Clearly, the use of advanced analytics is one of the hottest topics in the business press these days and is certainly top of mind among supply chain managers.
Yet, not everyone is in agreement as to just what the term means or how to deploy advanced analytics to maximum advantage.
At HP, the Strategic Planning and Modeling team has been utilizing advanced operational analytics for some 30 years to solve business problems requiring innovative approaches.
Over that time, the team has developed significant supply chain innovations such as postponement and award winning approaches to product design and product portfolio management.

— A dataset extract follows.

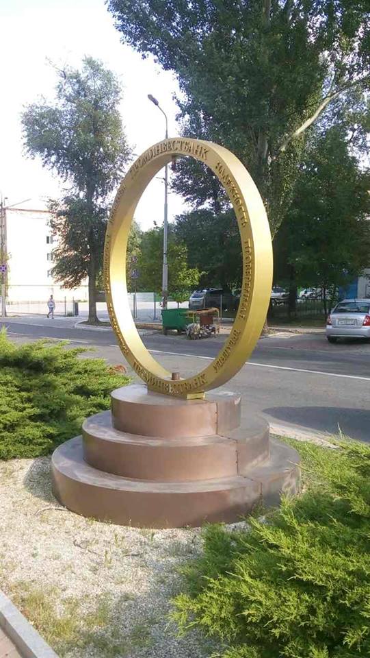 Раскуроченный назло фашистам памятник гривне. Когда его разломали, сначала думали, что вместо гривны вставят рубль. Но в итоге так ничего и не сделали. Теперь в центре города так и стоят обломки.

Based on conversations we have with colleagues, business partners and customers at HP, three questions come up regularly – all of which this article will seek to address.
- What is the difference between advanced and commodity analytics?
- How do I drive innovation with advanced analytics?
- How do I set up an advanced analytics team and get started using it in my supply chain?
Advanced analytics vs. commodity analytics
So, what exactly is the difference between advanced analytics and commodity analytics? According to Bill Franks, author of “Taming The Big Data Tidal Wave,” the aim of commodity analytics is “to improve over where you’d end up without any model at all, a commodity modeling process stops when something good enough is found.”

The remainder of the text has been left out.